━━━━━ Exercise material ━━━━━
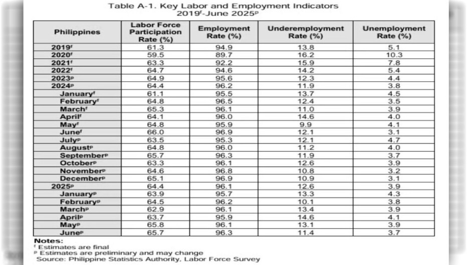 BUMABA ang Unemployment at Underemployment Rates sa bansa noong Hunyo kumpara noong Mayo, ayon sa Philippine Statistics Authority (PSA).
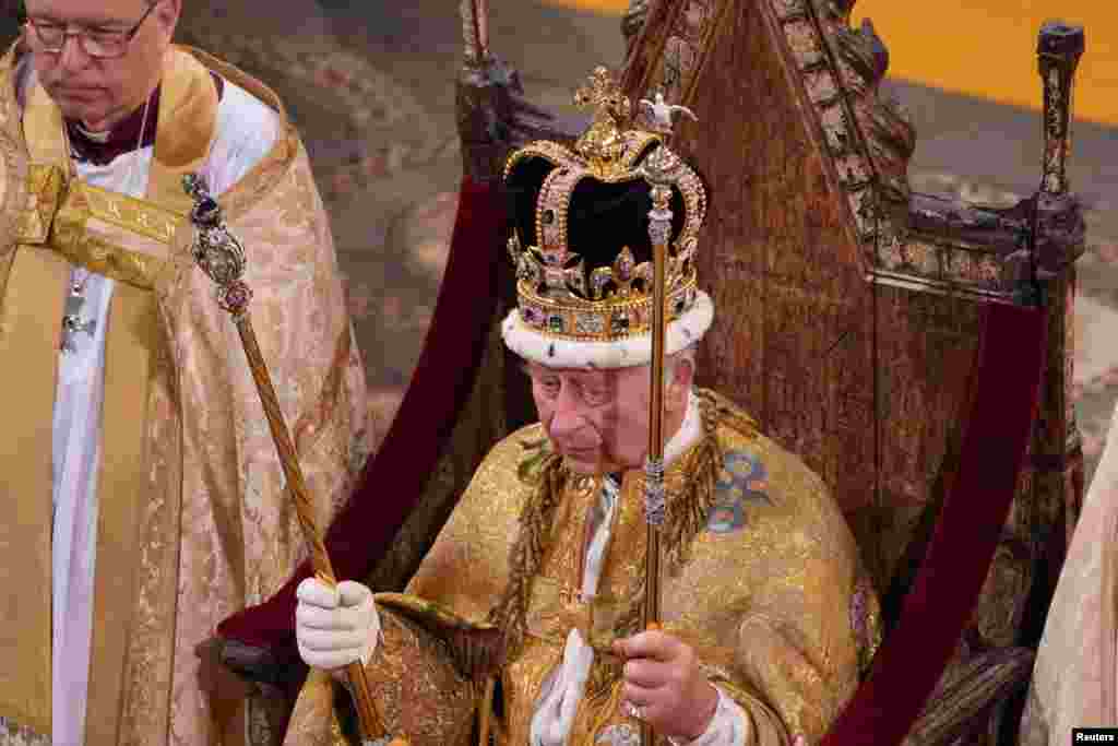 برطانیہ کے بادشاہ چارلس سوم کی تاج پوشی کردی گئی ہے۔ ہفتے کا دن برطانیہ کے شاہی خاندان کے لیے اہمیت کا حامل تھا کیوں کہ 70 برس بعد تاج پوشی کی یہ پہلی تقریب تھی۔ لندن کے ویسٹ منسٹر ایبی میں شاہ چارلس کو ہیروں اور قیمتی پھتروں سے جڑا ہار پہنایا گیا جس کے بعد ان کی اہلیہ کو بھی تاج پہنایا گیا جس کے بعد انہیں ملکہ کا خطاب مل گیا ہے۔ تاج پوشی کی تقریب کے بعد بادشاہ اور ملکہ شاہی بگھی میں سوار ہوکر بکنگھم پیلس گئے جہاں انہوں نے اپنے چاہنے والوں کو ہاتھ ہلا کر جواب دیا۔ اس دوران فلائی پاسٹ کا بھی مظاہرہ کیا گیا۔ تاج پوشی کی تصویری جھلکیاں دیکھیے اس پکچر گیلری میں۔
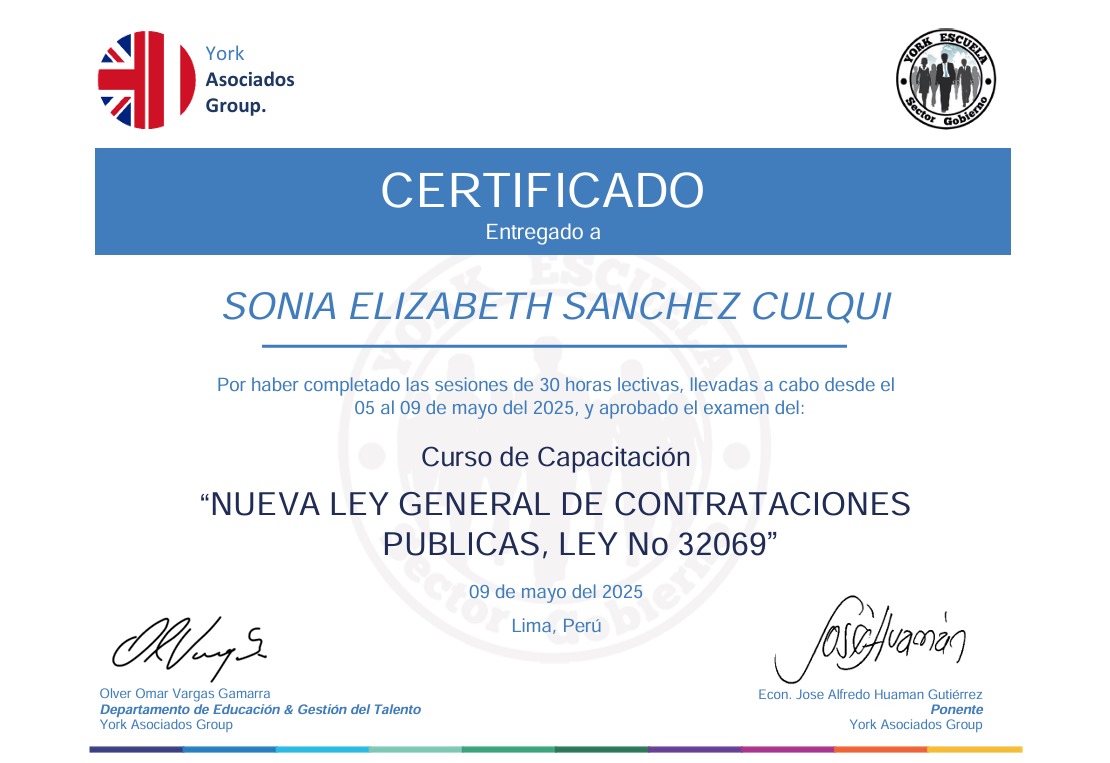 Certificados “NUEVA LEY GENERAL DE CONTRATACIONES PUBLICAS, LEY No 32069”- Sonia Elizabeth Sanchez Culqui 23 de mayo de 2025 Publicado por Webmaster York 23 May Sonia Elizabeth Sanchez Culqui DNI: 05580863 Nota: 18 09 de mayo de 2025 Búsqueda descarga
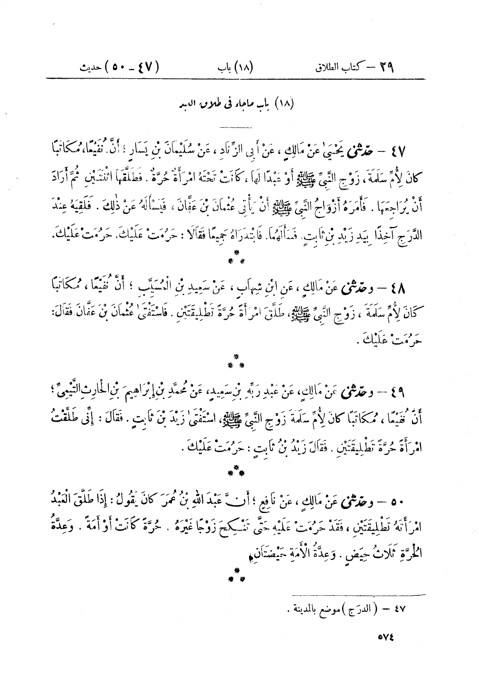 ٤٧ - حَدَّثَنِي يَحْيَى، عَنْ مَالِكٍ، عَنْ أَبِي الزِّنَادِ، عَنْ سُلَيْمَانَ بْنِ يَسَارٍ، أَنَّ نُفَيْعًا مُكَاتَبًا كَانَ لِأُمِّ سَلَمَةَ زَوْجِ النَّبِيِّ صَلَّى اللهُ عَلَيْهِ وَسَلَّمَ أَوْ عَبْدًا لَهَا كَانَتْ تَحْتَهُ امْرَأَةٌ حُرَّةٌ فَطَلَّقَهَا اثْنَتَيْنِ، ثُمَّ أَرَادَ أَنْ يُرَاجِعَهَا، فَأَمَرَهُ أَزْوَاجُ النَّبِيِّ صَلَّى اللهُ عَلَيْهِ وَسَلَّمَ أَنْ يَأْتِيَ عُثْمَانَ بْنَ عَفَّانَ فَيَسْأَلَهُ عَنْ ذَلِكَ، فَلَقِيَهُ عِنْدَ الدَّرَجِ آخِذًا بِيَدِ زَيْدِ بْنِ ثَابِتٍ فَسَأَلَهُمَا فَابْتَدَرَاهُ جَمِيعًا فَقَالَا: «حَرُمَتْ عَلَيْكَ حَرُمَتْ عَلَيْكَ»
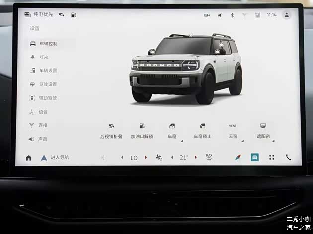 设计上, 福特智趣烈马延续了家族标志性的硬派风格,方正的车身轮廓搭配粗壮的贯穿式镀铬饰条,勾勒出极具力量感的设计风格。可点亮的“BRONCO”品牌标识,配合横向双层布局的灯带,看上去野性十足。此外,新车在机舱盖前部设计有集成式贯穿风道。
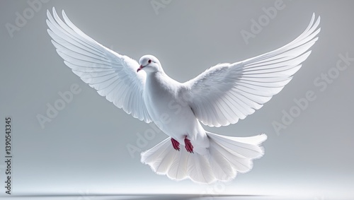 © -Quantum Pixels-, Obraz premium Dove in flight against a white background.
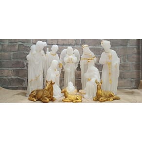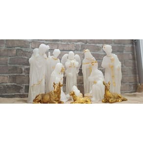 Material: Produzido em resina durável, cada figura é detalhadamente esculpida e conta com um acabamento fino e resistente, projetado para uso prolongado e seguro. Dimensões: Com 30 cm de altura, este presépio é perfeito para decorar aparadores, mesas centrais e altares, servindo como peça central de qualquer ambiente festivo. Iluminação Integrada: Equipado com luzes suaves e estrategicamente posicionadas, o presépio destaca cada figura e adiciona um brilho acolhedor à cena da natividade. As luzes criam um efeito iluminado que transforma o ambiente em uma celebração cheia de calor e significado. 11 Peças Detalhadas e Ricas em Expressão: Composto por Maria, José, o Menino Jesus, os Três Reis Magos, pastores e animais, cada figura é minuciosamente trabalhada com expressões e detalhes que refletem a serenidade da cena. A iluminação dá ainda mais realce aos contornos e texturas. Design Clássico e Versátil: As figuras possuem detalhes tradicionais que combinam com diferentes estilos de decoração, desde o clássico até o contemporâneo, adaptando-se a espaços como lares, igrejas ou eventos natalinos.
━━━━━
**Prompt**.
From the first line to the last, output the records exactly without pictures.

**Answer below**.
 BUMABA ang Unemployment at Underemployment Rates sa bansa noong Hunyo kumpara noong Mayo, ayon sa Philippine Statistics Authority (PSA).
 برطانیہ کے بادشاہ چارلس سوم کی تاج پوشی کردی گئی ہے۔ ہفتے کا دن برطانیہ کے شاہی خاندان کے لیے اہمیت کا حامل تھا کیوں کہ 70 برس بعد تاج پوشی کی یہ پہلی تقریب تھی۔ لندن کے ویسٹ منسٹر ایبی میں شاہ چارلس کو ہیروں اور قیمتی پھتروں سے جڑا ہار پہنایا گیا جس کے بعد ان کی اہلیہ کو بھی تاج پہنایا گیا جس کے بعد انہیں ملکہ کا خطاب مل گیا ہے۔ تاج پوشی کی تقریب کے بعد بادشاہ اور ملکہ شاہی بگھی میں سوار ہوکر بکنگھم پیلس گئے جہاں انہوں نے اپنے چاہنے والوں کو ہاتھ ہلا کر جواب دیا۔ اس دوران فلائی پاسٹ کا بھی مظاہرہ کیا گیا۔ تاج پوشی کی تصویری جھلکیاں دیکھیے اس پکچر گیلری میں۔
 Certificados “NUEVA LEY GENERAL DE CONTRATACIONES PUBLICAS, LEY No 32069”- Sonia Elizabeth Sanchez Culqui 23 de mayo de 2025 Publicado por Webmaster York 23 May Sonia Elizabeth Sanchez Culqui DNI: 05580863 Nota: 18 09 de mayo de 2025 Búsqueda descarga
 ٤٧ - حَدَّثَنِي يَحْيَى، عَنْ مَالِكٍ، عَنْ أَبِي الزِّنَادِ، عَنْ سُلَيْمَانَ بْنِ يَسَارٍ، أَنَّ نُفَيْعًا مُكَاتَبًا كَانَ لِأُمِّ سَلَمَةَ زَوْجِ النَّبِيِّ صَلَّى اللهُ عَلَيْهِ وَسَلَّمَ أَوْ عَبْدًا لَهَا كَانَتْ تَحْتَهُ امْرَأَةٌ حُرَّةٌ فَطَلَّقَهَا اثْنَتَيْنِ، ثُمَّ أَرَادَ أَنْ يُرَاجِعَهَا، فَأَمَرَهُ أَزْوَاجُ النَّبِيِّ صَلَّى اللهُ عَلَيْهِ وَسَلَّمَ أَنْ يَأْتِيَ عُثْمَانَ بْنَ عَفَّانَ فَيَسْأَلَهُ عَنْ ذَلِكَ، فَلَقِيَهُ عِنْدَ الدَّرَجِ آخِذًا بِيَدِ زَيْدِ بْنِ ثَابِتٍ فَسَأَلَهُمَا فَابْتَدَرَاهُ جَمِيعًا فَقَالَا: «حَرُمَتْ عَلَيْكَ حَرُمَتْ عَلَيْكَ»
 设计上, 福特智趣烈马延续了家族标志性的硬派风格,方正的车身轮廓搭配粗壮的贯穿式镀铬饰条,勾勒出极具力量感的设计风格。可点亮的“BRONCO”品牌标识,配合横向双层布局的灯带,看上去野性十足。此外,新车在机舱盖前部设计有集成式贯穿风道。
 © -Quantum Pixels-, Obraz premium Dove in flight against a white background.
 Material: Produzido em resina durável, cada figura é detalhadamente esculpida e conta com um acabamento fino e resistente, projetado para uso prolongado e seguro. Dimensões: Com 30 cm de altura, este presépio é perfeito para decorar aparadores, mesas centrais e altares, servindo como peça central de qualquer ambiente festivo. Iluminação Integrada: Equipado com luzes suaves e estrategicamente posicionadas, o presépio destaca cada figura e adiciona um brilho acolhedor à cena da natividade. As luzes criam um efeito iluminado que transforma o ambiente em uma celebração cheia de calor e significado. 11 Peças Detalhadas e Ricas em Expressão: Composto por Maria, José, o Menino Jesus, os Três Reis Magos, pastores e animais, cada figura é minuciosamente trabalhada com expressões e detalhes que refletem a serenidade da cena. A iluminação dá ainda mais realce aos contornos e texturas. Design Clássico e Versátil: As figuras possuem detalhes tradicionais que combinam com diferentes estilos de decoração, desde o clássico até o contemporâneo, adaptando-se a espaços como lares, igrejas ou eventos natalinos.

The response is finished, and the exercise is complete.